### WHAT YOU HAVE TO DO
In the entries that follow, the lines from the line containing "Albott Foldable Portable" up to and including the line containing "Houpačka pro nejmenší" must be copied exactly, with pictures omitted.

### INPUT RECORDS
- - -

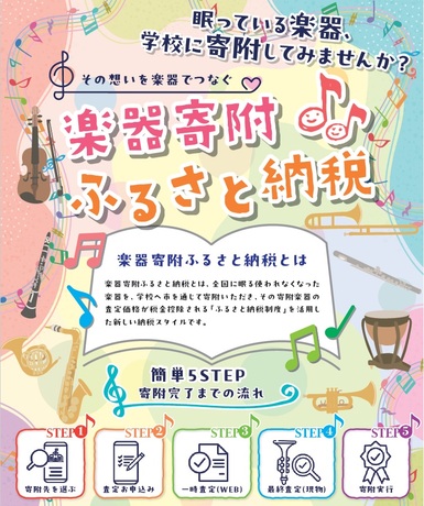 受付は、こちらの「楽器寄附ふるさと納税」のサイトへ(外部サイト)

- - -

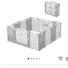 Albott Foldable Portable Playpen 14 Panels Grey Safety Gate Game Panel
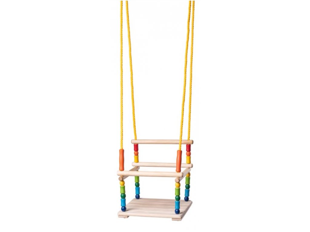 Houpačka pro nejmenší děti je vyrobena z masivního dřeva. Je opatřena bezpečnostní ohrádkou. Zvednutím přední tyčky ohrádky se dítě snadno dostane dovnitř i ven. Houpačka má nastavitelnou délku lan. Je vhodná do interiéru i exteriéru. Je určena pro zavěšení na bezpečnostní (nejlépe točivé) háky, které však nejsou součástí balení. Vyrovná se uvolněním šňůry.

- - -

### FINAL ANSWER
 Albott Foldable Portable Playpen 14 Panels Grey Safety Gate Game Panel
 Houpačka pro nejmenší děti je vyrobena z masivního dřeva. Je opatřena bezpečnostní ohrádkou. Zvednutím přední tyčky ohrádky se dítě snadno dostane dovnitř i ven. Houpačka má nastavitelnou délku lan. Je vhodná do interiéru i exteriéru. Je určena pro zavěšení na bezpečnostní (nejlépe točivé) háky, které však nejsou součástí balení. Vyrovná se uvolněním šňůry.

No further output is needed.